#### [Records from a dataset]
-------------------------
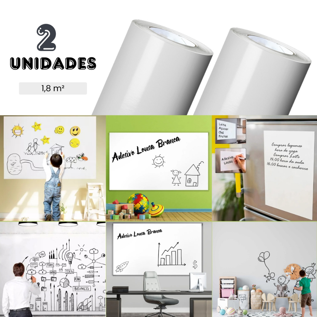 Adesivo Lousa Papel De Parede Branco 45 cm x 2 Metros Acompanha Caneta Com Apagador
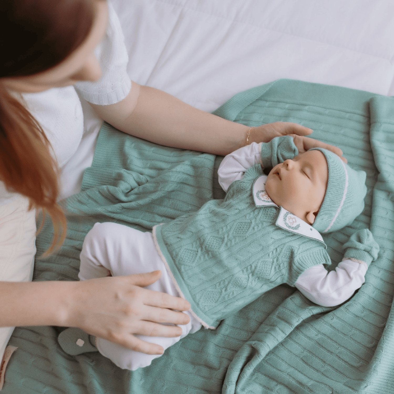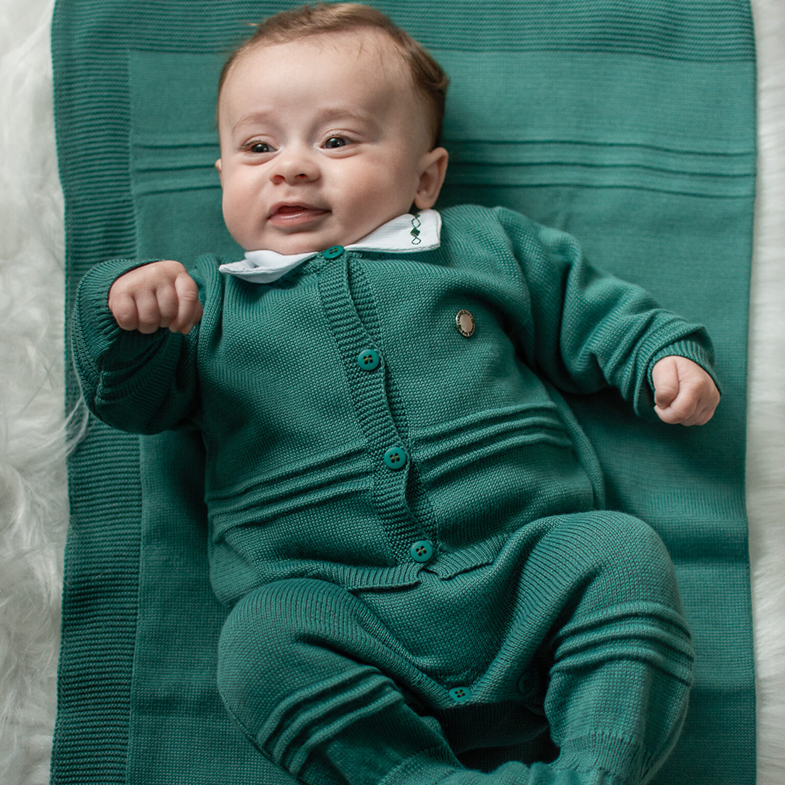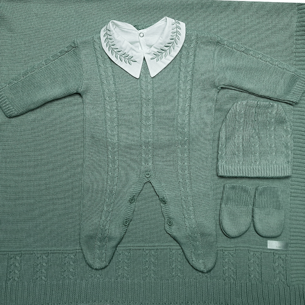 Kit Saida Maternidade Menino P Tricot 4 Peças 1 a 3 Meses Verde Esmeralda
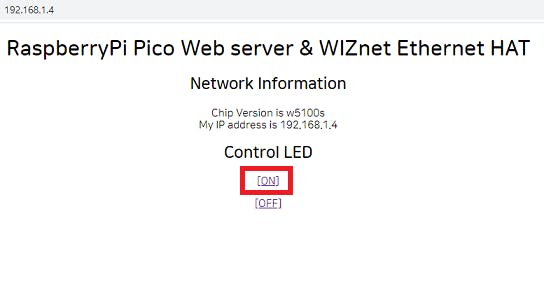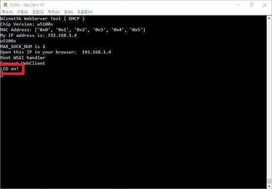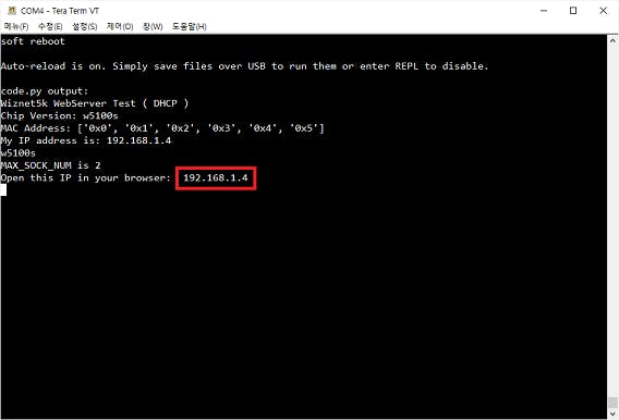 웹 페이지를 열고 192.168.1.4를 입력하면 다음과 같은 페이지가 나타한다. 페이지에 접속하게 되면 연결된 서버의 IP 주소와 위즈넷 칩 버전을 확인할 수 있다.
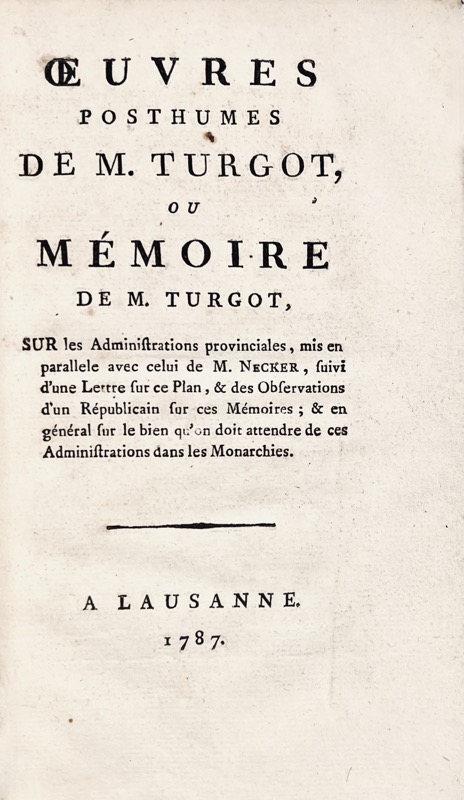 Oeuvres Posthumes de M. Turgot, ou Mémoire de M. Turgot Sur les Administrations provinciales, mis en parallèle avec celui de M. Necker, suivi d'une Lettre sur ce Plan, & des Observations d'un Républicain sur ces Mémoires ; & en général sur le bien qu'on doit attendre de ces Administrations dans les Monarchies.
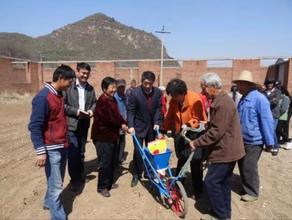 赵久然(左四)在密云苏家峪指导农户使用小型播种机
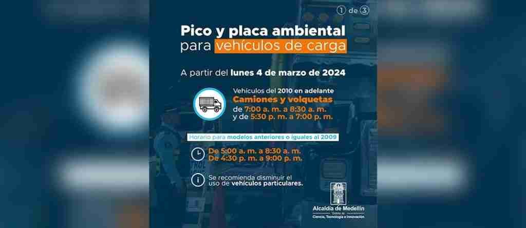 “Mediante el Decreto 102 de 2024 y modificación del Decreto 104 de 2024, se toman medidas, entre ellas, implementar de lunes a viernes, para los vehículos de servicio público y privado de transporte de carga, incluyendo volquetas», dijo en un comunicado la Alcaldía de Medellín.
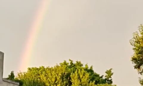 La combinación de precipitaciones dispersas y la luz tenue del sol naciente dio lugar a una postal poco frecuente por el horario, ya que el arcoíris apareció mientras la jornada apenas comenzaba a tomar forma.
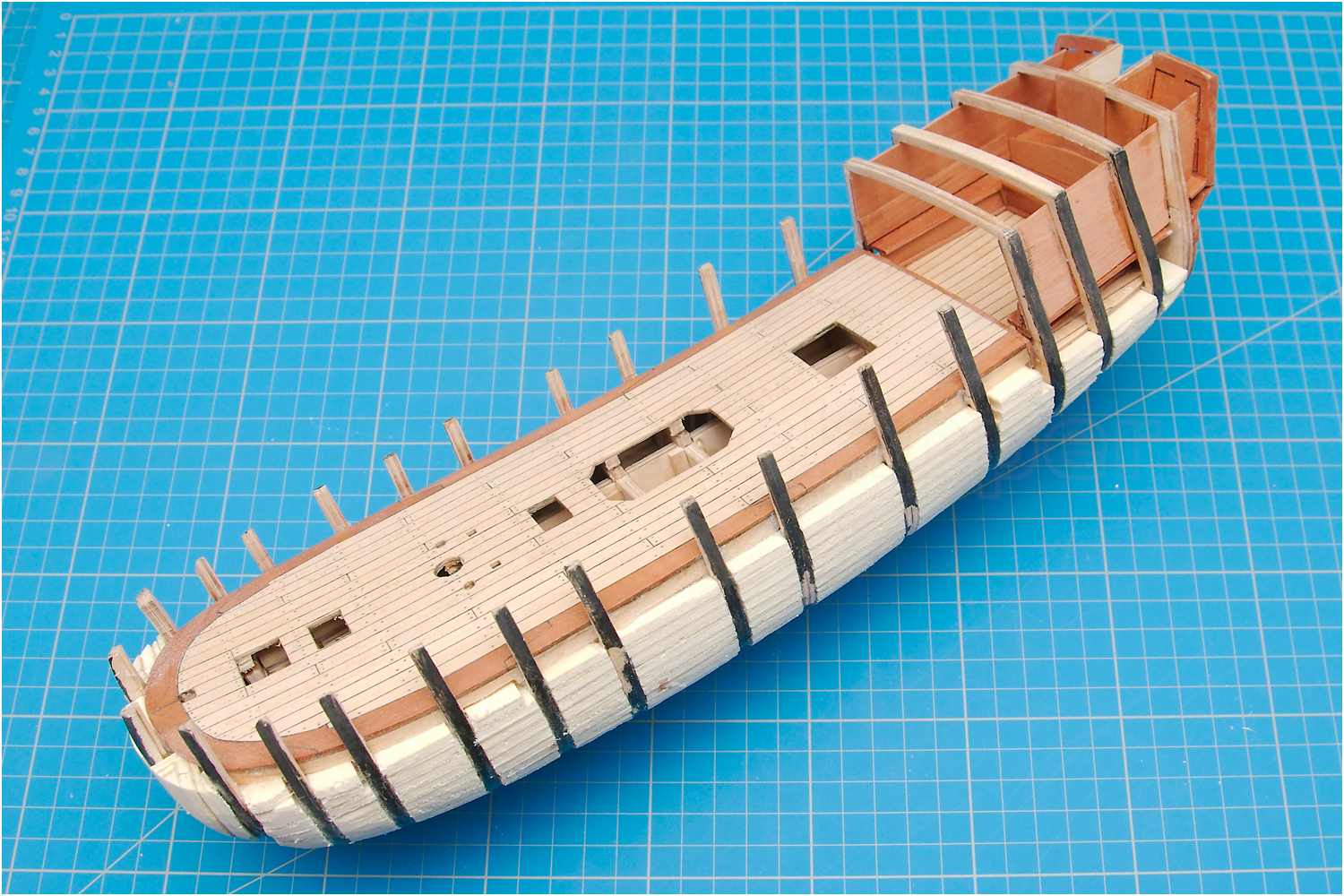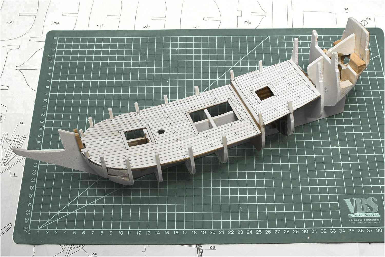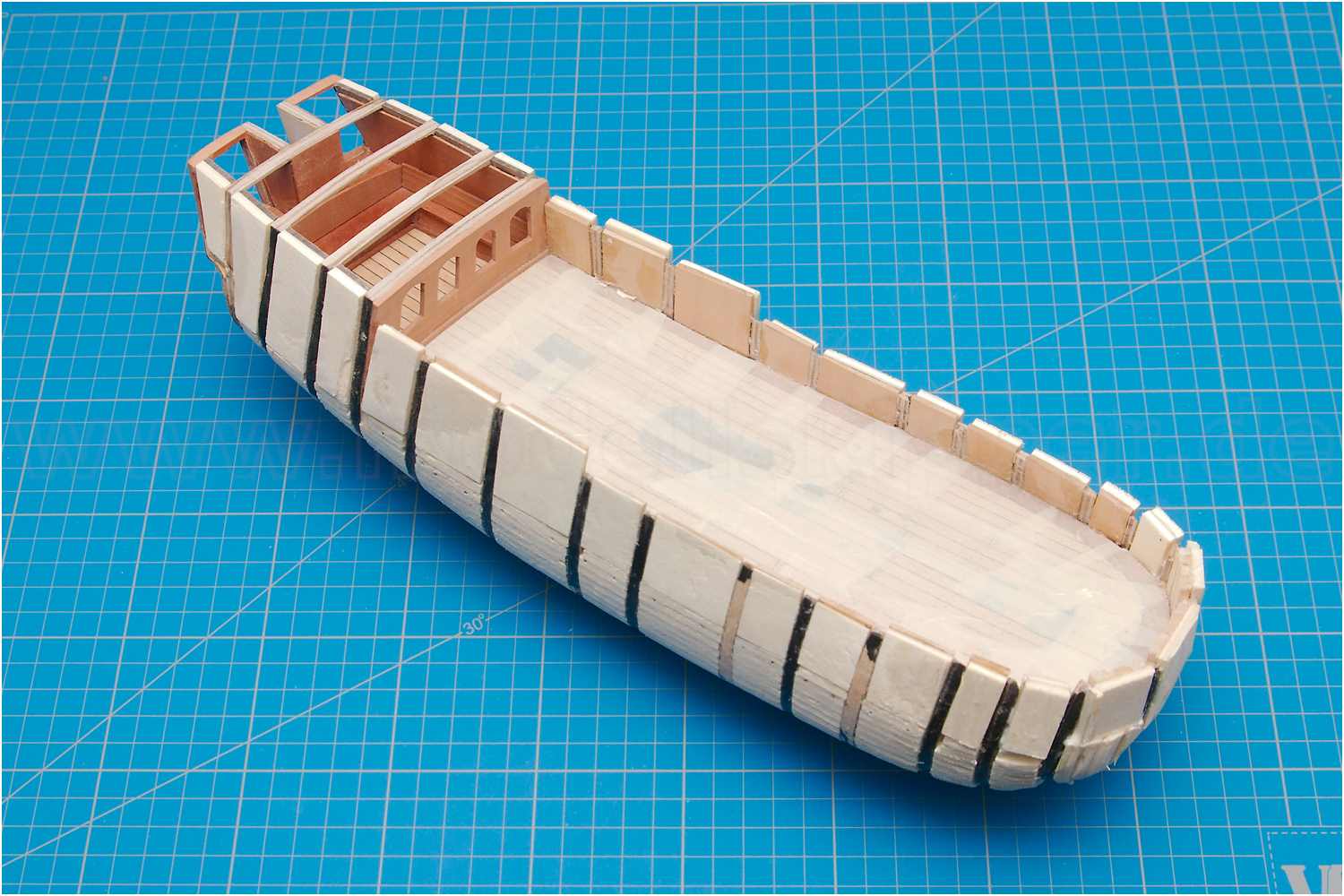 Es folgt das Ausfüllen der Seitenwände von Aufbauten und der Bereich des Schanzkleides.
-------------------------
#### [Required work]
Your answer should be an exact copy of the records above, with no pictures in it.

#### [Answer space]
 Adesivo Lousa Papel De Parede Branco 45 cm x 2 Metros Acompanha Caneta Com Apagador
 Kit Saida Maternidade Menino P Tricot 4 Peças 1 a 3 Meses Verde Esmeralda
 웹 페이지를 열고 192.168.1.4를 입력하면 다음과 같은 페이지가 나타한다. 페이지에 접속하게 되면 연결된 서버의 IP 주소와 위즈넷 칩 버전을 확인할 수 있다.
 Oeuvres Posthumes de M. Turgot, ou Mémoire de M. Turgot Sur les Administrations provinciales, mis en parallèle avec celui de M. Necker, suivi d'une Lettre sur ce Plan, & des Observations d'un Républicain sur ces Mémoires ; & en général sur le bien qu'on doit attendre de ces Administrations dans les Monarchies.
 赵久然(左四)在密云苏家峪指导农户使用小型播种机
 “Mediante el Decreto 102 de 2024 y modificación del Decreto 104 de 2024, se toman medidas, entre ellas, implementar de lunes a viernes, para los vehículos de servicio público y privado de transporte de carga, incluyendo volquetas», dijo en un comunicado la Alcaldía de Medellín.
 La combinación de precipitaciones dispersas y la luz tenue del sol naciente dio lugar a una postal poco frecuente por el horario, ya que el arcoíris apareció mientras la jornada apenas comenzaba a tomar forma.
 Es folgt das Ausfüllen der Seitenwände von Aufbauten und der Bereich des Schanzkleides.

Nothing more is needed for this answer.